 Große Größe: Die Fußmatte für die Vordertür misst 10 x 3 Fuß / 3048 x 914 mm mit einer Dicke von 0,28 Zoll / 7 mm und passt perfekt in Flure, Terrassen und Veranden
--
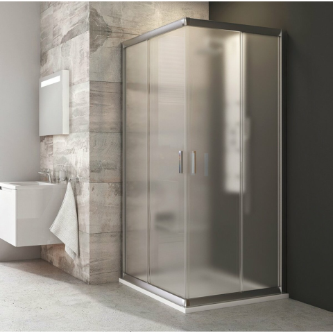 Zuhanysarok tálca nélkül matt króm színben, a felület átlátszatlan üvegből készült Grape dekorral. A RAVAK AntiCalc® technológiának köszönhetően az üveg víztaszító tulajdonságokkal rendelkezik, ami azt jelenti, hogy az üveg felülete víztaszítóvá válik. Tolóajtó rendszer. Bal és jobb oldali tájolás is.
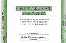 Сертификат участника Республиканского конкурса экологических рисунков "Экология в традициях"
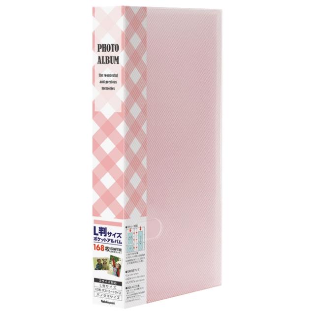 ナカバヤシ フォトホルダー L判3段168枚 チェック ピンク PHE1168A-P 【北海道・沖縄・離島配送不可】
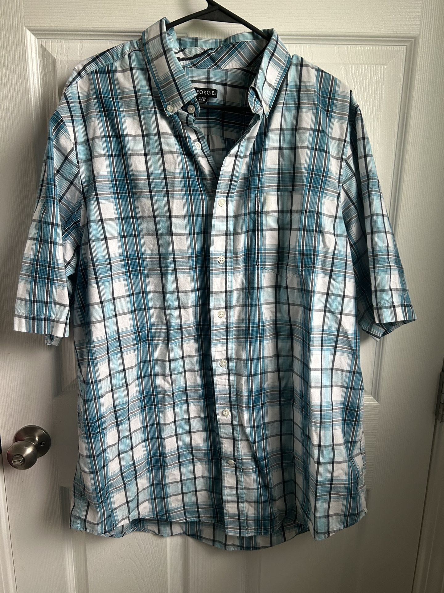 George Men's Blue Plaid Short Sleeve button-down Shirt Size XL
==
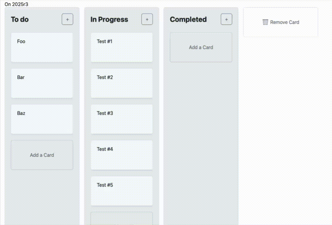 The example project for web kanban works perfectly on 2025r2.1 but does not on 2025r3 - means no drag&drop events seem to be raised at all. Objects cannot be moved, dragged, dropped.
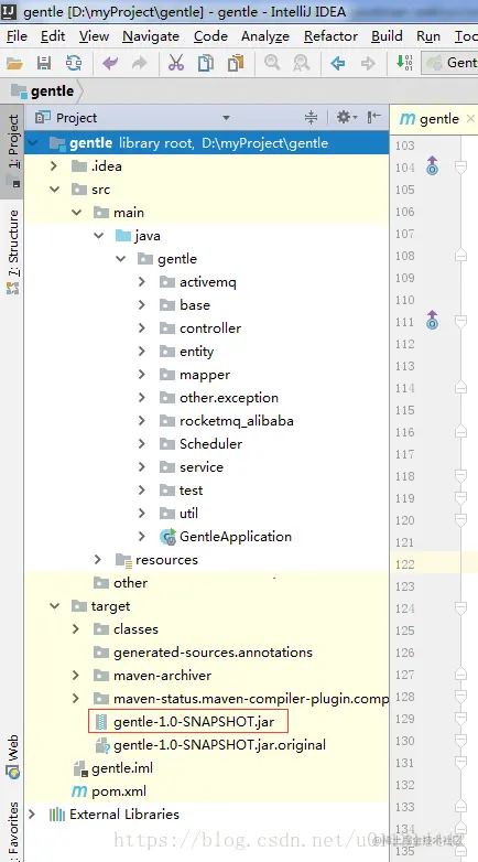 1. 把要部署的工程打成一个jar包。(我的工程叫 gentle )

What this task involves: Copy the lines above exactly, starting with the line that contains "ナカバヤシ フォトホルダー L判3段168枚" and ending with the line that contains "George Men's Blue", and leave out any pictures.

Your solution:
 ナカバヤシ フォトホルダー L判3段168枚 チェック ピンク PHE1168A-P 【北海道・沖縄・離島配送不可】
 George Men's Blue Plaid Short Sleeve button-down Shirt Size XL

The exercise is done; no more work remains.